* [ABOUT THIS EXERCISE]:
In the data that follows, find the line with "밖으로 나가면 OIOI라고"; transcribe it, every later line up to the one with "Zavinovacie body, kraťasky", and that line as well, exactly and with no others.

* [DATASET RECORDS]:
Content starts
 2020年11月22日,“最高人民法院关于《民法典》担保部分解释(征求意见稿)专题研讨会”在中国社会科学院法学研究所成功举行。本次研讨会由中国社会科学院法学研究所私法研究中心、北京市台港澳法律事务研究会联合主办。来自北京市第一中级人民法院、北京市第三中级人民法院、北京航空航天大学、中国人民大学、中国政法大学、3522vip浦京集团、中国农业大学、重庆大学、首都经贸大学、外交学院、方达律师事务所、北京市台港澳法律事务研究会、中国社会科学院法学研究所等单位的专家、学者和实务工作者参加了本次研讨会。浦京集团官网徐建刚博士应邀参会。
Content ends
Content starts
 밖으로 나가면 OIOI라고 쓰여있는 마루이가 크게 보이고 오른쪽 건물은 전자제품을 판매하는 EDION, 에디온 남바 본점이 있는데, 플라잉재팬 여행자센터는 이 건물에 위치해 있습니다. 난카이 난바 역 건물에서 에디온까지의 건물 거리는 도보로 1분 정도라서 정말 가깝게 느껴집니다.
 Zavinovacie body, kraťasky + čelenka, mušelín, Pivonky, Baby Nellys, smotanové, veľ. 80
Content ends
Content starts
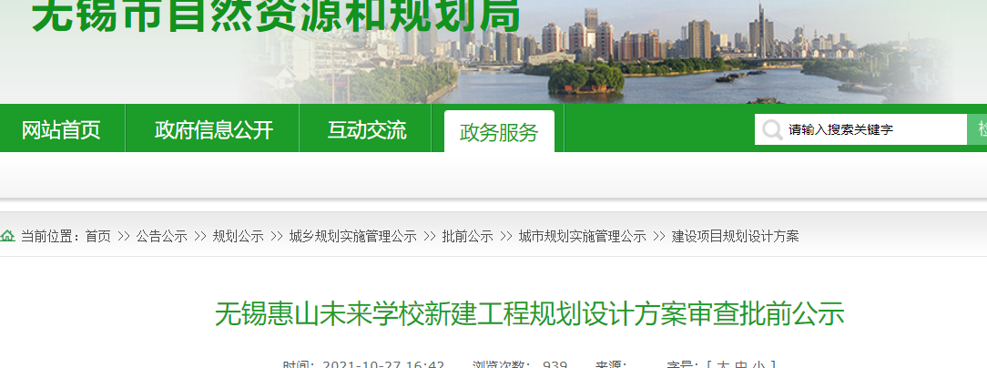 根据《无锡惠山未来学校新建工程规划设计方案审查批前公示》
Content ends
* [RESULT FOR THIS TASK]:
 밖으로 나가면 OIOI라고 쓰여있는 마루이가 크게 보이고 오른쪽 건물은 전자제품을 판매하는 EDION, 에디온 남바 본점이 있는데, 플라잉재팬 여행자센터는 이 건물에 위치해 있습니다. 난카이 난바 역 건물에서 에디온까지의 건물 거리는 도보로 1분 정도라서 정말 가깝게 느껴집니다.
 Zavinovacie body, kraťasky + čelenka, mušelín, Pivonky, Baby Nellys, smotanové, veľ. 80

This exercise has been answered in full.